What's the best R function for calculating probability?

Question

The question I'm trying to answer is as follows: "A box contains 15 red marbles and 5 blue marbles. 10 marbles are drawn without replacement. What is the chance at least 2 of them will be red?" What functions in R would help me solve this? I don't need an answer to the question itself, rather a function in R that will help me solve it!

Answer 1

You don't have to simuate you can calculate exactly with a few r functions.

library(DescTools)

# build a vector with the right marbles
marbles <- c(rep("Red", 15), rep("Blue", 5))

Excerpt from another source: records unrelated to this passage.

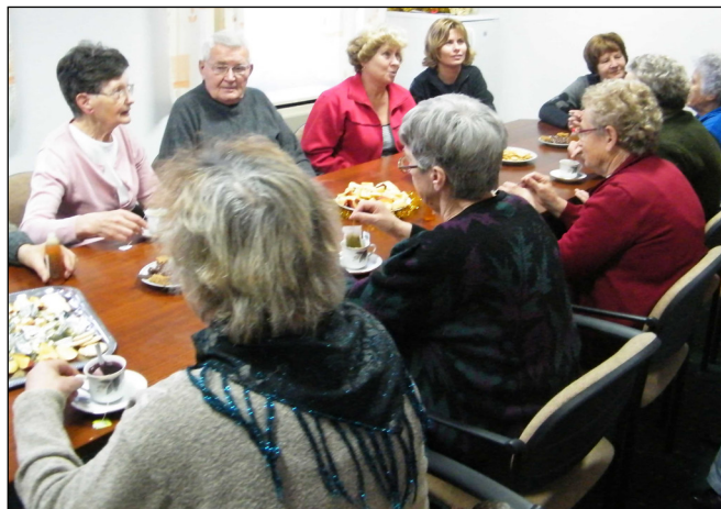
Az előadásorozatban a gyógynövények jótékony hatásaival is megismerkedhettek az érdeklődők

A csoportban elsősorban nyugdíjasokkal találkozhattam, bár néhány fiatal is eljött a beszélgetéseinkre. El kell mondanom, hogy mikor ismeretlen helyre megyek, új emberekkel találkozom, kicsit tartok a közösség hozzáállásától, de gondolom ezzel mások is így lehetnek. Előfordulhat, hogy néhányan kötelezőnek és így mihamarabb letudható, felesleges időtöltésnek tartják ezeket a találkozókat. Nos, ebben az esetben nem volt ilyen problémám. Szenzációs egyéniségekkel, valódi közösséggel, rendkívül nyitott, érdeklődő, kedves emberekkel találkoztam. Öröm volt közöttük lenni. Remélem, minél több sikeres pályázata
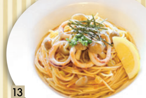
13 イカときのこの明太子和風 ¥1,364 (税込 ¥1,500)
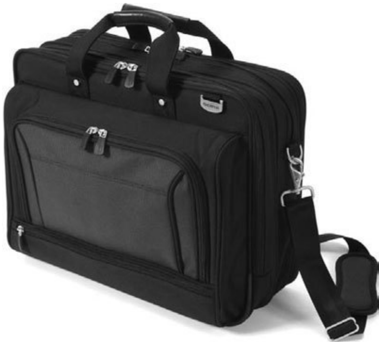
Рис. 4.3. Сумка для ноутбука

В первую очередь отмечу наличие специального отсека для ноутбука. Это отделение укрепляется мягкими амортизирующими стенками, которые служат защитой от ударов и низкой температуры.
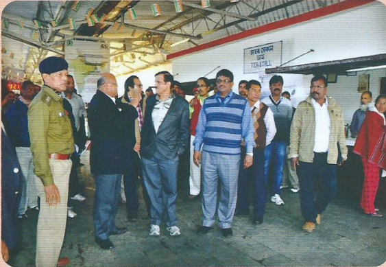
अपर महाप्रबंधक द्वारा लामडिंग-लोवर हाफलंग मीटर लाइन सेक्शन के निरीक्षण का दृश्य
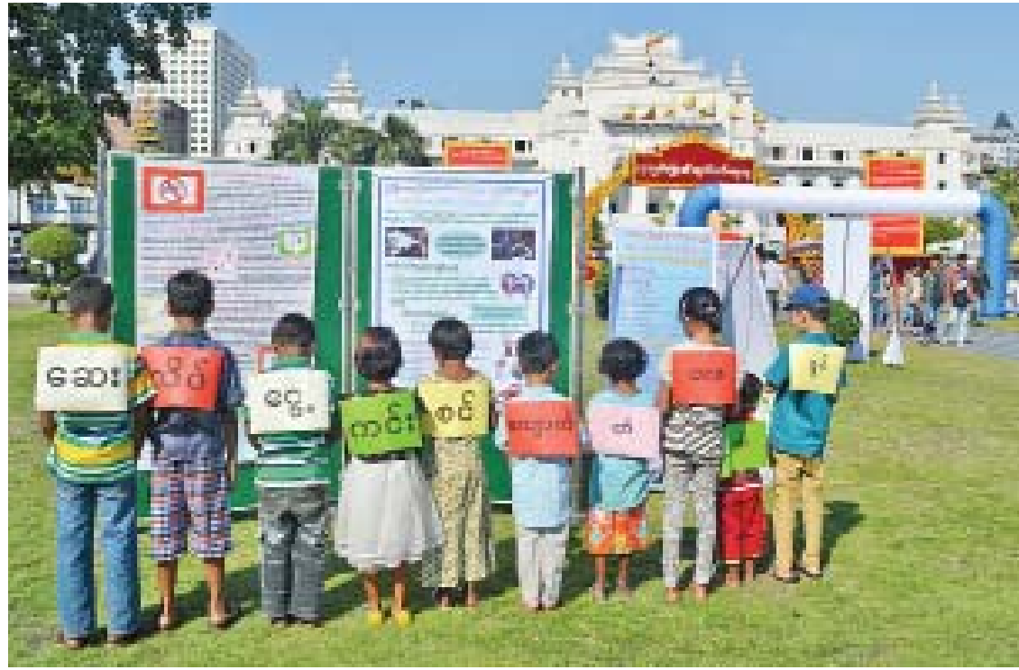
ကျောက်တံတားမြို့နယ် မဟာပန္နလပန်းခြံ၌ ဆေးလိပ်ငွေကင်းစင်နယ်မြေအဖြစ် လူထုလှုံ့ဆော်လှုပ်ရှားပွဲအခမ်းအနား ကျင်းပစဉ်။
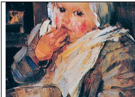
Pintura 4: Título. La escudilla de papa Autor: Alessandro Miesi.

La obra “Cristo en casa de Marta y María”, óleo sobre lienzo del pintor Diego Velázquez (1618) (pintura 3) 10 ilustra una doncella trabajando en la cocina, con una coloración en la mejilla y la mano derecha (piel que recubre el quinto y cuarto artejo), que pudiera ser expresión de una erupción cutánea, tal vez por una dermatitis alérgica o por contacto, conocida como “dermatitis del ama de casa” u ocupacional.
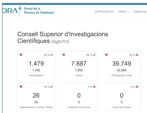
Il·lustració 1. Pantalla del resultat final de una validació de dades

Se recopilan y exportan los datos desde GesBIB, se realiza una validación en la herramienta correspondiente del PRC y, finalmente, se integra en el Portal. Es decir, da la sensación de que con solo pulsar una tecla todo está hecho. Y, aunque, en parte es así, no se suele ser consciente de que para llegar a este punto se ha pasado previamente por todo un proceso difícil y largo, en el que todos los actores implicados han puesto mucho de su parte para que finalmente se pudiera conseguir y, en el que, en ocasiones, se ha tenido que lidiar con obstáculos que parecían insalvables y hacían peligrar el proyecto.
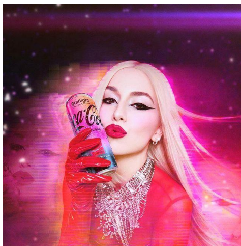
Slika 5. Ava Max Performance (Propaganda od the new Coca Cola drink).

Prilikom promoviranja ograničenog izdanja, Coca – Cola omogućila je svim svojim kupcima koji kupe novu limenku kod koje je bilo potrebno skenirati te bi tako korisnici dobili pristup virtualnom koncertu u Metaverseu . U ovoj kampanji Coca – Cola je za virtualni koncert angažirala svjetski poznatu pjevačicu Avu Max.
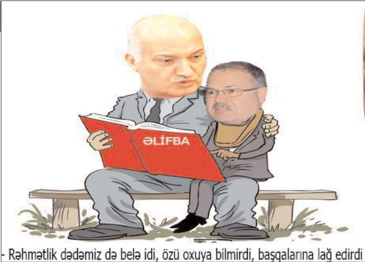
- Rəhmətlik dedəməz də belə idi, özü oxuya bilmirdi, başqalarına lağ edirdi

# Our denominator is the total possible ways we
# can draw ten marbles no replacement orde doesn't matter
# CombN from DescTools gives us that number
CombN(marbles, 10, repl = FALSE, ord = FALSE)
#> [1] 184756

# CombSet generates all the permutations
tail(CombSet(marbles, 10, repl = FALSE, ord = FALSE))
#>           [,1]  [,2]  [,3]  [,4]  [,5]  [,6]   [,7]   [,8]   [,9]   [,10] 
#> [184751,] "Red" "Red" "Red" "Red" "Red" "Blue" "Blue" "Blue" "Blue" "Blue"
#> [184752,] "Red" "Red" "Red" "Red" "Red" "Blue" "Blue" "Blue" "Blue" "Blue"
#> [184753,] "Red" "Red" "Red" "Red" "Red" "Blue" "Blue" "Blue" "Blue" "Blue"
#> [184754,] "Red" "Red" "Red" "Red" "Red" "Blue" "Blue" "Blue" "Blue" "Blue"
#> [184755,] "Red" "Red" "Red" "Red" "Red" "Blue" "Blue" "Blue" "Blue" "Blue"
#> [184756,] "Red" "Red" "Red" "Red" "Red" "Blue" "Blue" "Blue" "Blue" "Blue"

# We'll put all those combinations in a matrix called x
x <- CombSet(marbles, 10)

# We can search for all rows that have "Red" at least twice
# with x[rowSums(x == "Red") >= 2, ]
tail(x[rowSums(x == "Red") >= 2, ])
#>           [,1]  [,2]  [,3]  [,4]  [,5]  [,6]   [,7]   [,8]   [,9]   [,10] 
#> [184751,] "Red" "Red" "Red" "Red" "Red" "Blue" "Blue" "Blue" "Blue" "Blue"
#> [184752,] "Red" "Red" "Red" "Red" "Red" "Blue" "Blue" "Blue" "Blue" "Blue"
#> [184753,] "Red" "Red" "Red" "Red" "Red" "Blue" "Blue" "Blue" "Blue" "Blue"
#> [184754,] "Red" "Red" "Red" "Red" "Red" "Blue" "Blue" "Blue" "Blue" "Blue"
#> [184755,] "Red" "Red" "Red" "Red" "Red" "Blue" "Blue" "Blue" "Blue" "Blue"
#> [184756,] "Red" "Red" "Red" "Red" "Red" "Blue" "Blue" "Blue" "Blue" "Blue"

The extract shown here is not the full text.